6 Shocking Ways TV Rewires Your Brain

Side note: I referenced this article in the past post ‘Brain Programming: Science of Real Self-Mind Control’. But I wanted to flesh the article out into its details for everyone to read up on here in case they were too lazy to go to the actual article and look at the points they brought. So here’s the list in full details on its own post.

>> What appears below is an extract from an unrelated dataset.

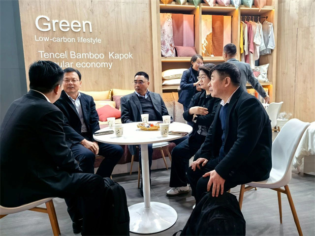 展會(huì)首日,中國(guó)紡織工業(yè)聯(lián)合會(huì)副會(huì)長(zhǎng)楊兆華等領(lǐng)導(dǎo)專程到華紡股份展位參觀指導(dǎo)。領(lǐng)導(dǎo)們認(rèn)真聽取了家紡公司總經(jīng)理成汝海對(duì)家紡產(chǎn)品的介紹,仔細(xì)觀看了解了各類展品。楊兆華副會(huì)長(zhǎng)對(duì)華紡股份有限公司在產(chǎn)業(yè)升級(jí)、產(chǎn)品結(jié)構(gòu)調(diào)整方面取得的成績(jī)給予了充分肯定,希望公司繼續(xù)加大研發(fā)投入,提升產(chǎn)品科技含量和附加值,進(jìn)一步加強(qiáng)品牌建設(shè),提高中國(guó)家紡產(chǎn)品在國(guó)際市場(chǎng)的知名度和影響力。

Because I think anyone who’s passionately involved with any show, movies, media, radio (as they all operate similarly) needs to see this.

The average American watches more than four hours of television per day (five times the amount dedicated to socialization!). It makes sense that it would change us, the same as doing anything for four hours a day changes you. Yet, it’s surprisingly hard to get people to accept this. But the science is pretty much overwhelming. Enough television rewires your brain in a bunch of unexpected ways. For instance …

#6. It Changes You, Even if You’re Too Young to Know What You’re Watching

It’s easy to assume that impressionable children can be affected by TV shows, but what about toddlers? They aren’t even aware of what’s going on around them. Besides, they don’t do a whole lot besides chew on furniture and inflate their diapers, so it’s not like they could be doing something better with their time.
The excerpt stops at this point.